> _ASSIGNMENT_
Beginning with the line that contains "ここで、参加者のみなさまにサ", repeat each line exactly through the end of the listing below. Pictures stay out.

> _MATERIAL PROVIDED_

::::

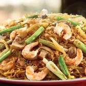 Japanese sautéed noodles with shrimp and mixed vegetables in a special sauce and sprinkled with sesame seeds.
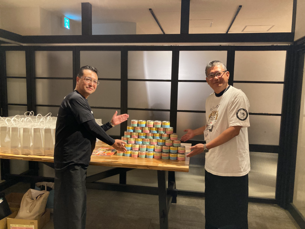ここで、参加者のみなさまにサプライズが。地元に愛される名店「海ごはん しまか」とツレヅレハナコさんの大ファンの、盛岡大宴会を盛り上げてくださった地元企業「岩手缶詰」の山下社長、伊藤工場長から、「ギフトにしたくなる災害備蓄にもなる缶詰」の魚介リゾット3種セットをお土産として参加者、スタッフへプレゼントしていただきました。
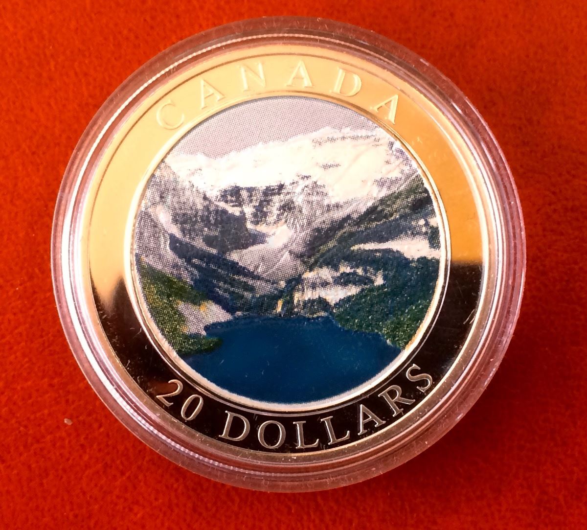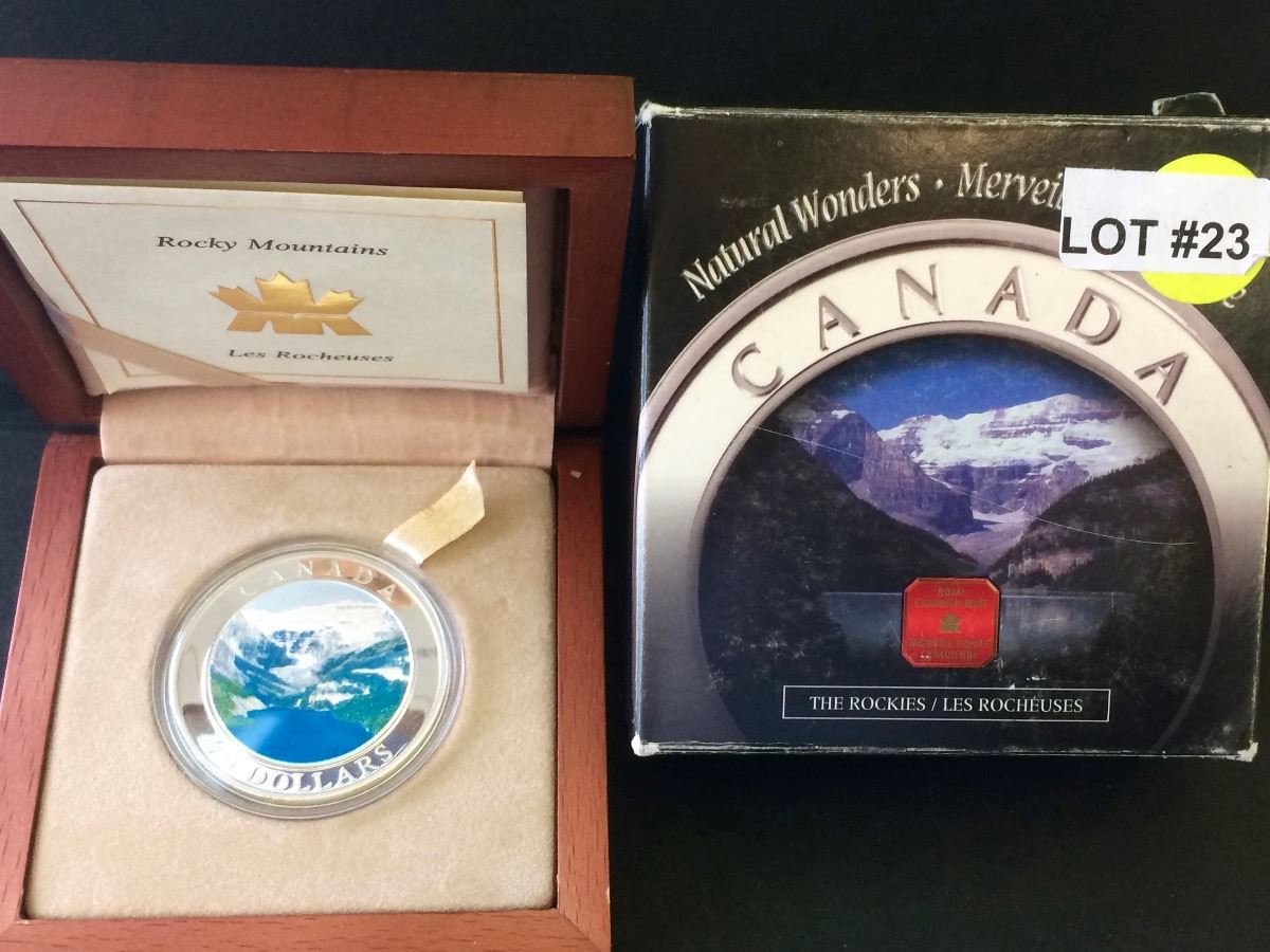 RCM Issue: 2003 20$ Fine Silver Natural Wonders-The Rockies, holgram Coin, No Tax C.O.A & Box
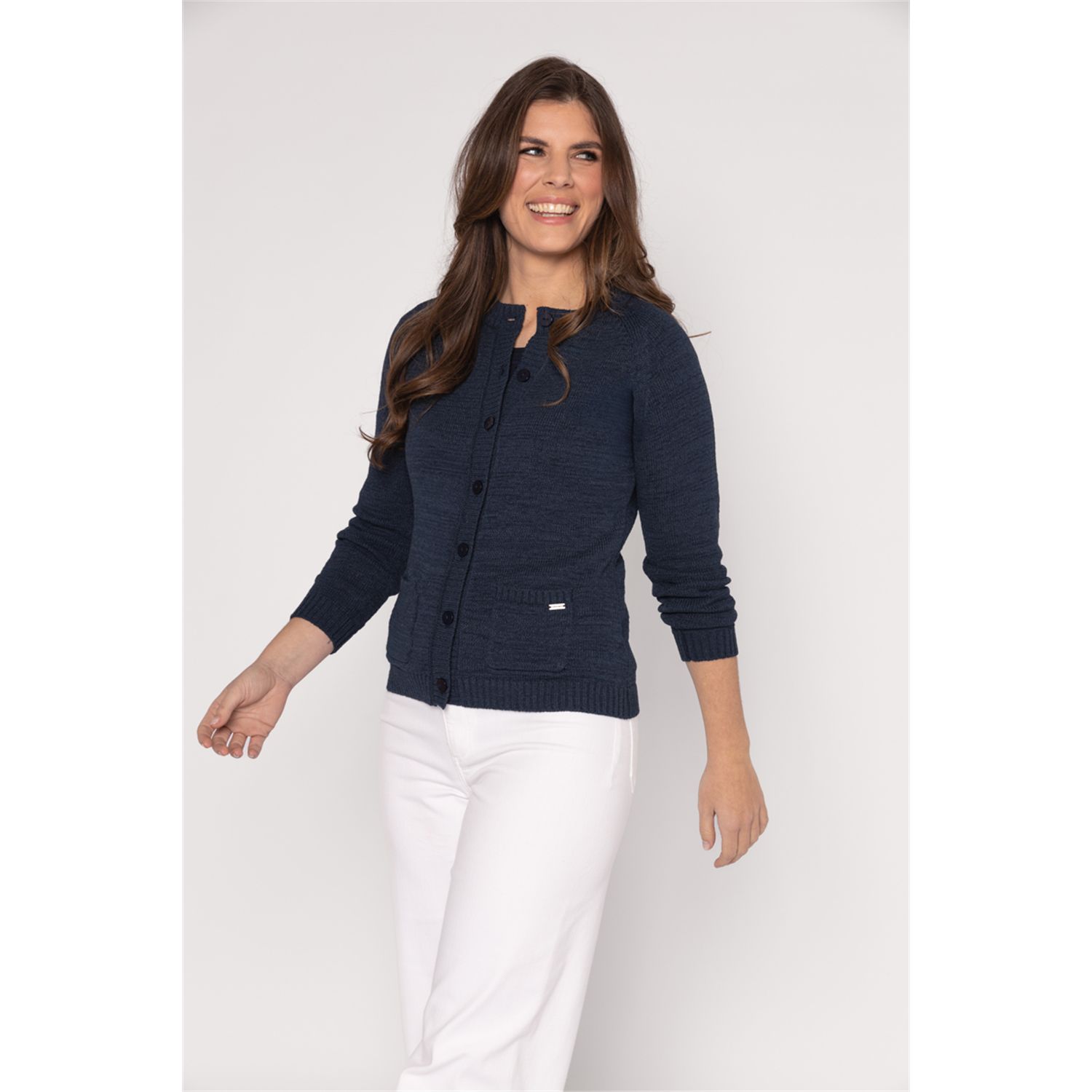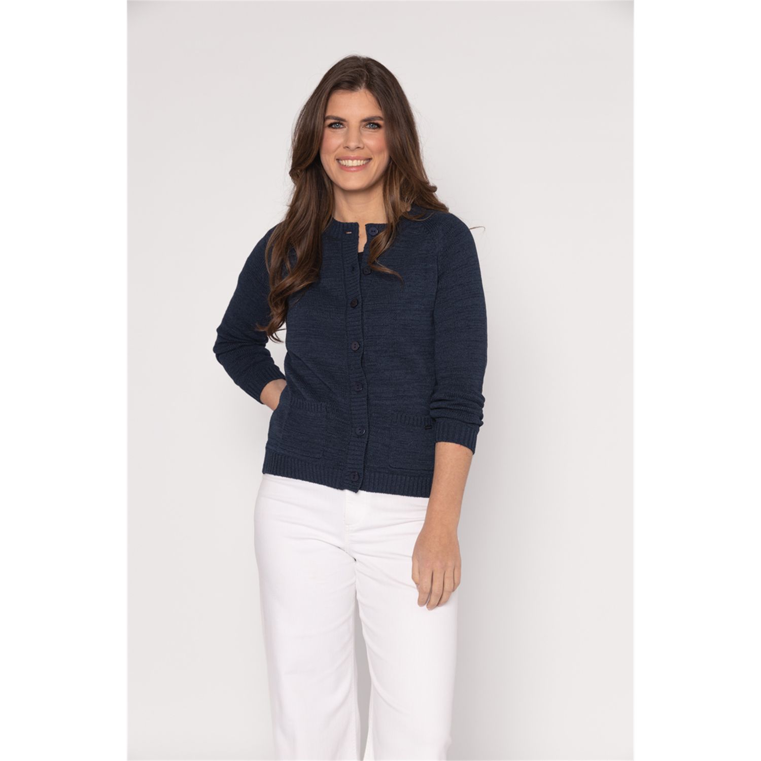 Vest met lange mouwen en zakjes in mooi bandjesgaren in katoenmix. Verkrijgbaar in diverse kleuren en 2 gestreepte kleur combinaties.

::::

> _ANSWER TO THIS PROBLEM_
ここで、参加者のみなさまにサプライズが。地元に愛される名店「海ごはん しまか」とツレヅレハナコさんの大ファンの、盛岡大宴会を盛り上げてくださった地元企業「岩手缶詰」の山下社長、伊藤工場長から、「ギフトにしたくなる災害備蓄にもなる缶詰」の魚介リゾット3種セットをお土産として参加者、スタッフへプレゼントしていただきました。
 RCM Issue: 2003 20$ Fine Silver Natural Wonders-The Rockies, holgram Coin, No Tax C.O.A & Box
 Vest met lange mouwen en zakjes in mooi bandjesgaren in katoenmix. Verkrijgbaar in diverse kleuren en 2 gestreepte kleur combinaties.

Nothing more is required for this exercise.